Figure 7. Percentage of devices and vendors that communicate with Internet hosts via port 80 (presumably over unencrypted HTTP) or TLS. Each number in parentheses counts the number of devices (left) or vendors (right) in the respective categories. Note that a device can send either or both of encrypted and encrypted traffic.

Which devices use outdated TLS versions? Even if a device communicates over TLS, the TLS implementation may not follow best practices. A smart home vendor may use an outdated or non-standard TLS library, or a vendor could (inadvertently) configure the library with insecure settings.

We focus on two examples of insecure practices that past researchers have exploited and that can potentially lead to vulnerabilities: outdated TLS versions and weak ciphers (IETF, 2015; Chromium Bugs, 2014).

We first investigate outdated TLS versions. While the latest TLS version is 1.3, the industry-accepted version is 1.2. Versions below 1.2 are known to have vulnerabilities. For instance, TLS 1.0 is subject to the BEAST attack (Chromium Bugs, 2014). Although we are not aware of any actual BEAST attacks on smart home devices, we argue that any outdated TLS versions are potential targets for attacks in the future.

# of SSL TLS Weak Ciphers
Vendor Devices 3.0 1.0 1.1 1.2 Null RC4 Anon.
vendor 1 669 0 31 0 645 0 9 15
vendor 2 614 5 67 1 613 1 397 1
sonos 186 0 0 0 186 0 0 0
vendor 4 148 1 41 0 129 0 80 1
vendor 5 135 0 9 0 135 0 130 0
vendor 6 96 3 29 8 91 0 35 27
vendor 7 69 0 0 0 69 0 34 2
wyze 53 0 0 0 53 0 0 0
vendor 9 51 0 0 4 47 0 1 0
vendor 10 46 0 5 0 41 0 5 0
Table 5. The number of devices by each vendor that use a particular TLS version and which propose a specific weak cipher in the Client Hello messages. Here, we are showing ten vendors with the most number of devices. # of Devices shows the number of devices that send out Client Hellos in SSL 3.0 or TLS 1.0-1.2. A device may be associated with multiple TLS versions and/or weak ciphers.

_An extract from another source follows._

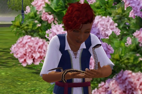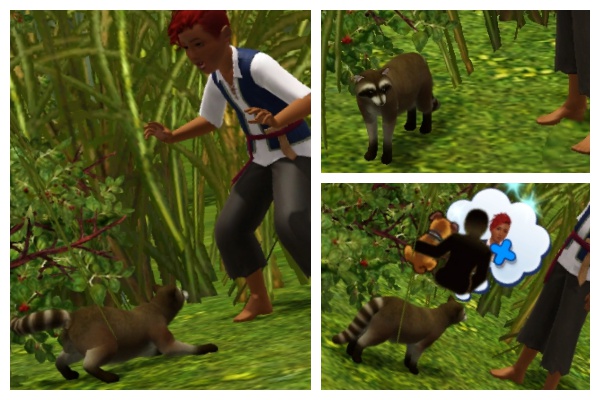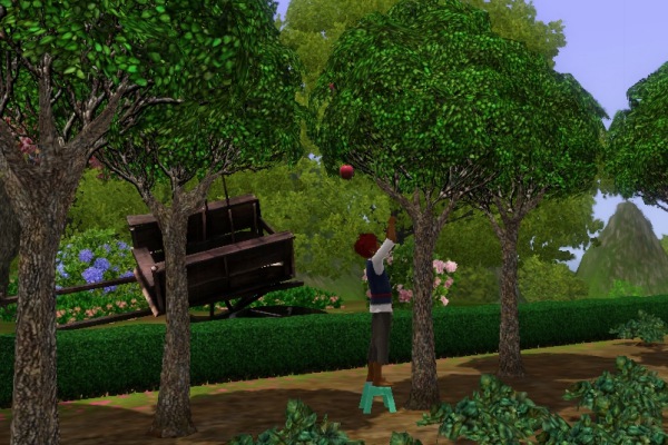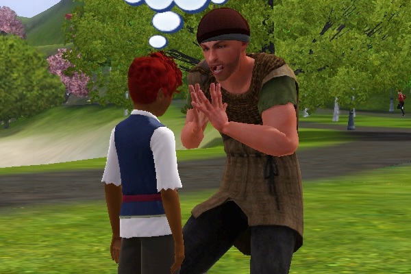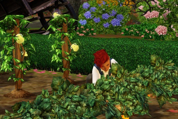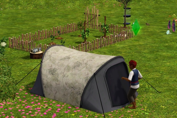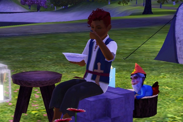 (デフォルトのゲームでは子供シムができない操作が多いため、今回だけ、ガーデニングや焚き火を可能にするチートを追加です)

To understand the distribution of TLS versions across devices in our dataset, we analyze the Client Hello versions. Table 5 shows ten vendors with the most observed devices that use TLS.111111We are in the process of reporting the vulnerabilities to the respective vendors. For each vendor, we count the number of devices that use a particular TLS version. Note that a device may communicate using multiple TLS versions. For instance, Vendor 2’s TVs, as confirmed in our lab, communicate with Vendor 2’s servers using both TLS 1.0 and 1.2. Some vendors, such as Vendor 7 (which makes network-attached storage devices) and Wyze (which makes cameras), only use TLS 1.2. In total, out of these top 10 vendors, we observe 7 vendors whose devices use TLS versions below 1.2..

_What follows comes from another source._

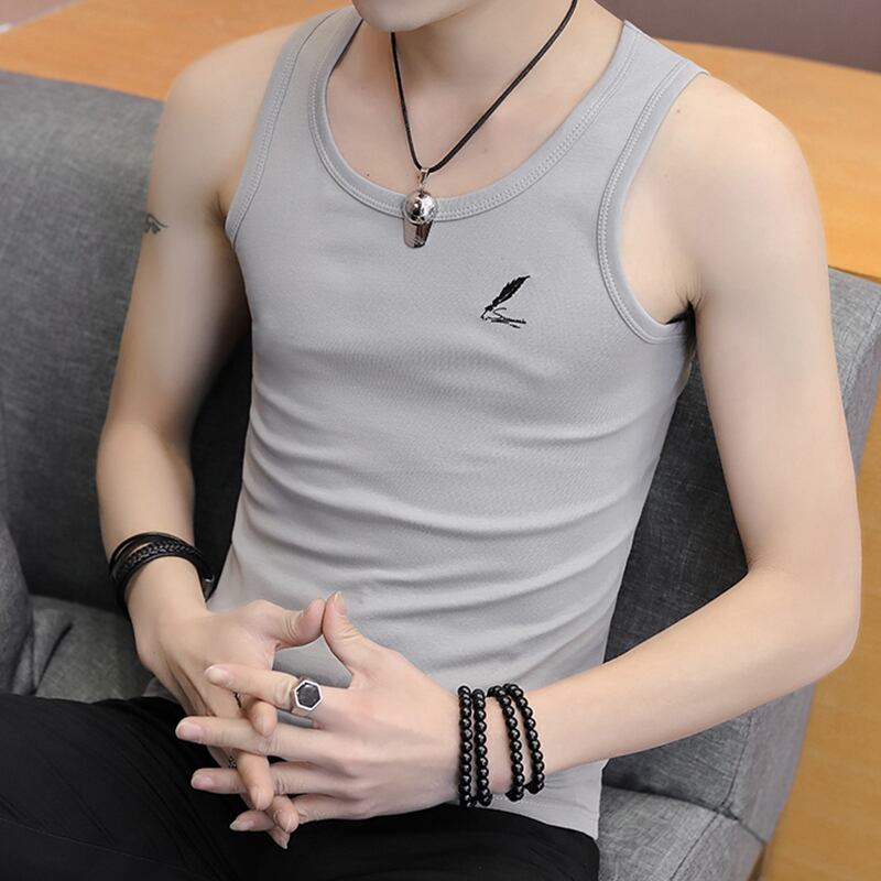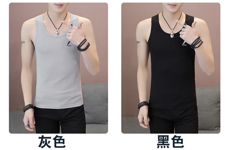 Summer cotton men's vest sports fitness hurdle stretch white sweat vest thin section youth bottoming shirt trend ホワイト コットン サマー 夏物 doushi46058667413

Which devices advertise weak ciphers? Another potentially insecure practice is advertising weak ciphers in Client Hello messages, possibly due to insecure TLS libraries or vendors’ insecure settings. We look for the use of four weak ciphers, similar to those discussed in previous works (Razaghpanah et al., 2017): (1) null ciphers, which provide no encryption and, if used, may be vulnerable to man-in-the-middle attacks; (2) anonymous ciphers (denoted as “Anon.” in Table 5), which do not offer server authentication if used; (3) export-grade ciphers, which use 40-bit keys (or shorter) to comply with old US export regulations; and (4) RC ciphers, vulnerable to several known attacks and which many vendors have since stopped supporting (IETF, 2015).

We count the number of devices whose Client Hello messages advertise these weak ciphers (Table 5). No devices in our dataset advertise export-grade ciphers. RC4 is the most frequently advertised weak cipher. In particular, 397 of Vendor 2’s devices advertise RC4 ciphers in Client Hellos; 283 of these devices are in the “voice” category, and 89 in the “TV” category. Out of the top 10 vendors in our dataset, only Sonos and Wyze do not advertise weak ciphers. These are also the only two vendors that do not use outdated TLS versions.

Despite the advertisement of weak ciphers in Client Hellos, none of the devices in our dataset actually communicated over a weak cipher after the TLS handshake is complete, presumably because the server is able to negotiate the use of a secure cipher. Even so, servers can be subject to downgrade attacks, and the advertisement of weak ciphers creates potential opportunities for exploits.


Despite many calls for smart home devices to use industry standard best-practices for data encryption, our results indicate that many vendors still use vanilla HTTP or insecure SSL/TLS versions/ciphers. This is particularly discouraging, as proper use of TLS is a low bar for smart home device vendors.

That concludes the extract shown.